↓

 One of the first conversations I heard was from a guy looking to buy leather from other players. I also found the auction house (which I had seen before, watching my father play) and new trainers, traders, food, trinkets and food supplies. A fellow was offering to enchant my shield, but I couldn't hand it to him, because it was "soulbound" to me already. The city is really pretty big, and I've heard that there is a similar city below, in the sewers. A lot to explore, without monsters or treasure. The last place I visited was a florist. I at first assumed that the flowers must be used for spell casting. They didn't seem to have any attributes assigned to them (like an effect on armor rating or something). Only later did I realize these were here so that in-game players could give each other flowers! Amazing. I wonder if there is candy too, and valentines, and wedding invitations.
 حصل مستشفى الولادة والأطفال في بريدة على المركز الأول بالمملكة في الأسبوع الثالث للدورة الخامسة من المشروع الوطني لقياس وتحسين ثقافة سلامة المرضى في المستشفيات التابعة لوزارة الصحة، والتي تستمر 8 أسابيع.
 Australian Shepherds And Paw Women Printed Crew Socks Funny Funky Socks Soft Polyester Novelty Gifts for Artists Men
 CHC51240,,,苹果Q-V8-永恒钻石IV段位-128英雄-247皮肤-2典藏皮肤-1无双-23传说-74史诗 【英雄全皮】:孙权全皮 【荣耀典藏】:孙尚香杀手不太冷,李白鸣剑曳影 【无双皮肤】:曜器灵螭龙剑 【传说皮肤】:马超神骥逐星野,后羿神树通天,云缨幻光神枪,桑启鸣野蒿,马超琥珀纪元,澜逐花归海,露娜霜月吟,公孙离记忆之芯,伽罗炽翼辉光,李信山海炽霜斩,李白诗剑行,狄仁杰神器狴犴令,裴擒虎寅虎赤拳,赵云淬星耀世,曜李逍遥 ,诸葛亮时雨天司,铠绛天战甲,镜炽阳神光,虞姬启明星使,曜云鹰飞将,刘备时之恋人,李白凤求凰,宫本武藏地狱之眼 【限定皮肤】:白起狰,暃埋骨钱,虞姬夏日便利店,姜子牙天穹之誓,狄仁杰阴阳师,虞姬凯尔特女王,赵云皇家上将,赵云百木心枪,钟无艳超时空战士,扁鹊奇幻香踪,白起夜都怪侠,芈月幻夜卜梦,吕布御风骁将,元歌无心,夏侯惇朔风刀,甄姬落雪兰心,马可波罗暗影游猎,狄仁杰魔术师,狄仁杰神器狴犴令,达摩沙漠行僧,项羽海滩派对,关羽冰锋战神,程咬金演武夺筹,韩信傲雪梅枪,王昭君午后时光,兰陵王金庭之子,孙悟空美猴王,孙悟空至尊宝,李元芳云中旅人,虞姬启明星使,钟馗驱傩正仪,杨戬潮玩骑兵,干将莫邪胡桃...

↑
↓

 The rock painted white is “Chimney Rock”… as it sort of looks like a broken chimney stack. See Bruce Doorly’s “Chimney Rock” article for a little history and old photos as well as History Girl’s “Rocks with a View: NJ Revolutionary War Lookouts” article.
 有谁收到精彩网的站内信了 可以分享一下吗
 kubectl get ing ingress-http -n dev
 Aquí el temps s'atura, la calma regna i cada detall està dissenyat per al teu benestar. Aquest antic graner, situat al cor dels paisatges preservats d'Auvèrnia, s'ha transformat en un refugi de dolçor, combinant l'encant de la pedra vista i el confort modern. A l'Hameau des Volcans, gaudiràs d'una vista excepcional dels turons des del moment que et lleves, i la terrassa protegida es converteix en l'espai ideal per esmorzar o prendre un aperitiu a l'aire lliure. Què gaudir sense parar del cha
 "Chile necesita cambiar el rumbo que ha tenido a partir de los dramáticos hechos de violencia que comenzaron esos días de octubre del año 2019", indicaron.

↑

The required output is the stretch of entries above from the line containing "kubectl get ing ingress-http -n dev" through the line containing "necesita cambiar el", reproduced exactly.

 kubectl get ing ingress-http -n dev
 Aquí el temps s'atura, la calma regna i cada detall està dissenyat per al teu benestar. Aquest antic graner, situat al cor dels paisatges preservats d'Auvèrnia, s'ha transformat en un refugi de dolçor, combinant l'encant de la pedra vista i el confort modern. A l'Hameau des Volcans, gaudiràs d'una vista excepcional dels turons des del moment que et lleves, i la terrassa protegida es converteix en l'espai ideal per esmorzar o prendre un aperitiu a l'aire lliure. Què gaudir sense parar del cha
 "Chile necesita cambiar el rumbo que ha tenido a partir de los dramáticos hechos de violencia que comenzaron esos días de octubre del año 2019", indicaron.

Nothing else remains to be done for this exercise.